··· DATA FOR THIS TASK

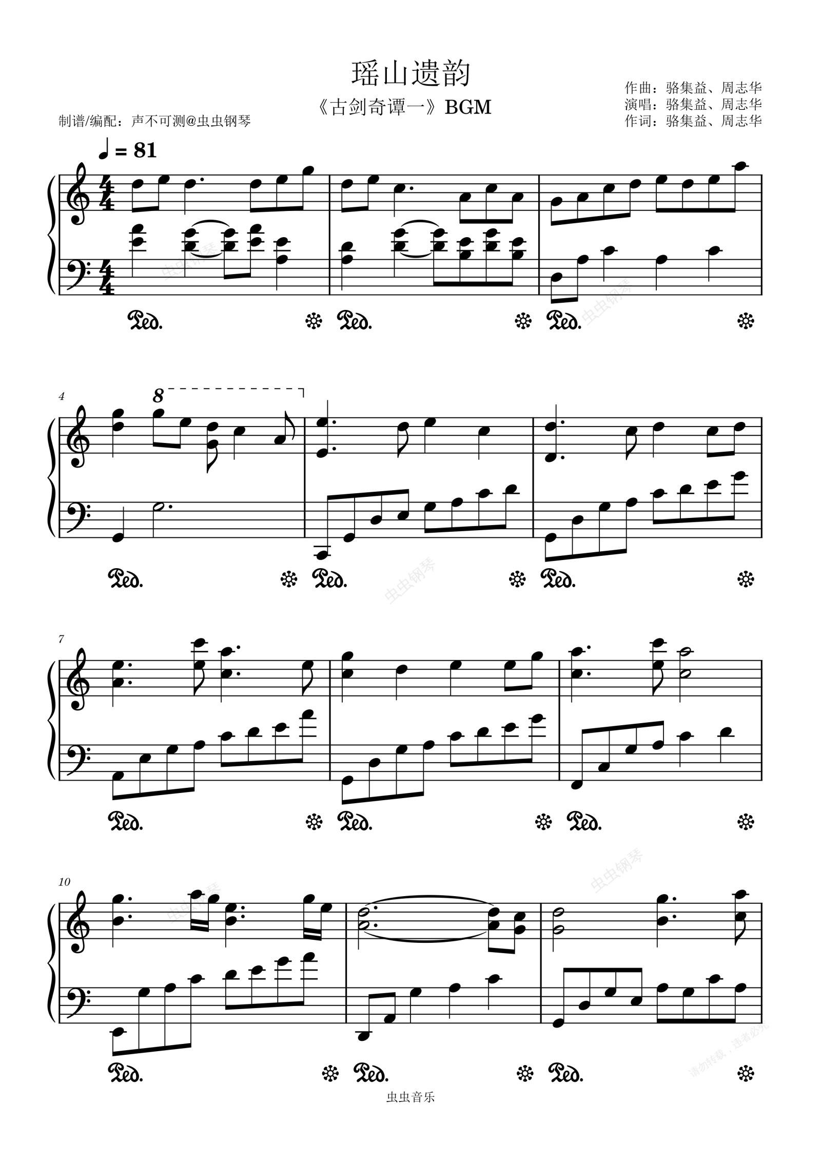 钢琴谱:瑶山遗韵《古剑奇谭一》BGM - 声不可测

······
··· DATA FOR THIS TASK

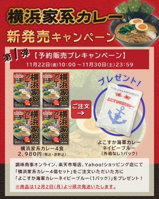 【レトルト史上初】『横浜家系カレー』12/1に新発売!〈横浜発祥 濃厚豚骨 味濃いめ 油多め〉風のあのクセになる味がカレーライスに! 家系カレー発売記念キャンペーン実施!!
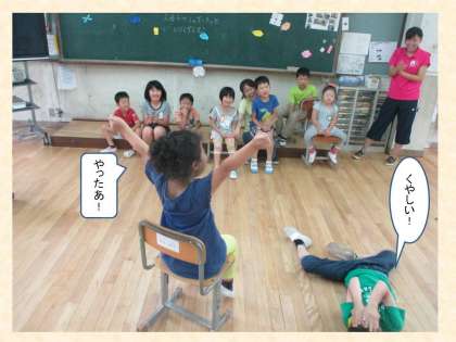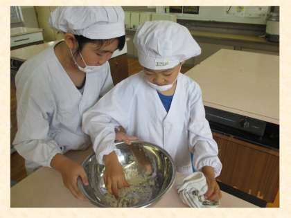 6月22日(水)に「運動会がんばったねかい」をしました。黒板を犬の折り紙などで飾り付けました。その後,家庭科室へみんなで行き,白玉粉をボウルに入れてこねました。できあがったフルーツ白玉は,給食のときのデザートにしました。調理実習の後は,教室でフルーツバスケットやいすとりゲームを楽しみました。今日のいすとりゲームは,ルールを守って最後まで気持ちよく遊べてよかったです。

······
··· DATA FOR THIS TASK

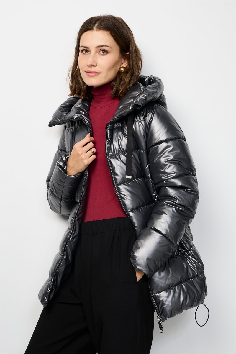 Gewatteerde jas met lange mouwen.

······

(WORK TO COMPLETE) Using the entries above, write out exactly the lines from the one with "味濃いめ 油多め〉風のあのクセになる味がカレーライスに! 家系カレー発売記念キャンペーン実施!!" through the one with "6月22日(水)に「運動会が", ends included. Leave out any pictures.

(TASK RESPONSE)
 【レトルト史上初】『横浜家系カレー』12/1に新発売!〈横浜発祥 濃厚豚骨 味濃いめ 油多め〉風のあのクセになる味がカレーライスに! 家系カレー発売記念キャンペーン実施!!
 6月22日(水)に「運動会がんばったねかい」をしました。黒板を犬の折り紙などで飾り付けました。その後,家庭科室へみんなで行き,白玉粉をボウルに入れてこねました。できあがったフルーツ白玉は,給食のときのデザートにしました。調理実習の後は,教室でフルーツバスケットやいすとりゲームを楽しみました。今日のいすとりゲームは,ルールを守って最後まで気持ちよく遊べてよかったです。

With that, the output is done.